I have been out of the country twice this year. The first time, I was in Mexico when protests broke out in Ferguson, Missouri, over the shooting death of Michael Brown; more recently, my two weeks in Argentina coincided with nationwide demonstrations against the lack of grand jury indictments in the cases of Brown and Eric Garner, the Staten Island police chokehold victim.
Witnessing a nascent anti-police brutality movement from a distance has given me a different perspective on it, because the novelty of getting out in the streets in America and demanding justice stands in stark contrast to the utter ubiquity of such actions in other parts of the world.
That doesn’t mean such actions always lead to success; in fact, challenging power often fails. But it is a tool in the public’s arsenal, as much as voting or any other civic effort. We have a long way to go in America to rediscover a daily regimen of mass public protest as an altogether normal – indeed, fundamental – component of the rights of citizenship
I found the same commitment to resistance in Mexico. We all know about the movement that has arisen in response to the deaths of 43 student protesters, a case of official corruption and collusion between federal authorities and drug cartels. But behind the headlines, back in August I saw a prominent town square in Jalisco state completely occupied by protesters, who had erected a tent city in opposition to what they called the despotism of the local government. The police had seemingly given up trying to dislodge it. The protesters held a dance party one night, handing out food and literature to the revelers.
We used to have this same belief in America, that street action mattered and needed to be nurtured. From the Boston Tea Party to the civil rights movement, from the Bonus Marchers to the Pullman strikers and many more, America has a rich tradition of uprising against a seemingly immovable political and social apparatus. The right to peaceably assemble is enshrined in the Constitution, even if it largely seems theoretical today.
But sometime between 1776 and now, mass engagement became separated from American political DNA. Like solar panel manufacturing, the United States invented the political protest and then let it wither away while other countries kept it alive. Modern-day demonstrations have evolved into media-friendly one-off events rather than a continuing struggle, a way for people to simply register their dissent without having to sustain it. We hear about the need for a national conversation on race, injustice, violence or economic suffering, but we actually need a daily conversation, an evolving and energizing force of public opposition that those in power cannot easily dismiss.

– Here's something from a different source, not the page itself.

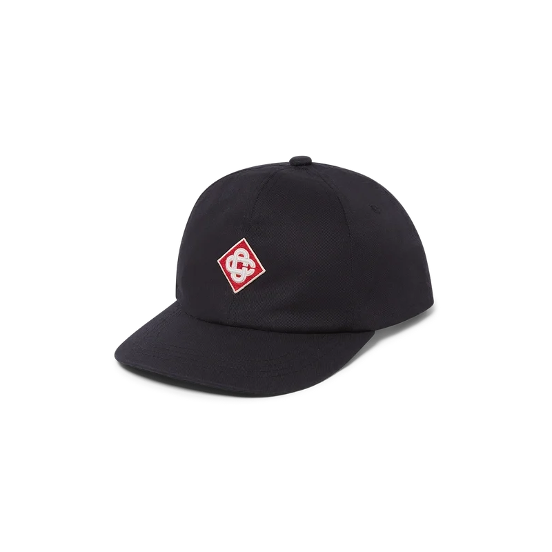 Die Logo-Patch-Kappe ist eine klassische Baseballkappe mit dem Diamant-Logo des Hauses in der Mitte. Die aus 100 % Baumwolle gefertigte Kappe verfügt über einen Schirm, eine vergoldete, verstellbare Schnalle und ein Casablanca-Markenlabel.

We’re starting to see this, like a long-dormant volcano sputtering back to life with initial plumes of ash and smoke. The movements in Ferguson and now across the country have become more organized and concentrated. Striking low-wage workers continue to demand the respect that accompanies a living wage and the right to organize. The Moral Monday movement in North Carolina has fused these two pillars of economic and social justice into a coherent whole. Smug intellectuals say that Occupy Wall Street left no legacy amid its demise, but these newer movements come directly out of that commitment to ongoing protest.
These movements have registered modest results, from minimum wage increases in major cities to incremental moves toward reforms to the criminal justice system. But we’re a long way from a time where protest is mundane, ordinary, part of how we engage with our politics. And we need to get there, because organized dissent has historically uplifted virtually every other facet of our civic culture.
I believe this revival of the culture of protest comes out of a belated realization, one that Latin America and other countries had already internalized. They understand that their vote can only go so far, that the entrenched interests who control the social and political infrastructure will only respond to a massive disruption to their smoothly functioning machine. We had a delusion in America that we were somehow exceptional, that we wouldn’t succumb to oligarchy or the control of an ossified elite. We preferred to look the other way when confronted with institutional racism or the rigidities of class. “We’ve gotten better,” we’d tell ourselves. And we gave up the struggle instead of redoubling efforts.
Maybe it took the financial crisis and its sluggish aftermath. Maybe it took a black kid getting shot by the cops to recognize the illegitimacy of the justice system. But there has been some small awakening that we’re not all that exceptional, that our democracy is prone to the same capture we see all around the world, and that we don’t have many options to fix that outside of getting in the street and shouting.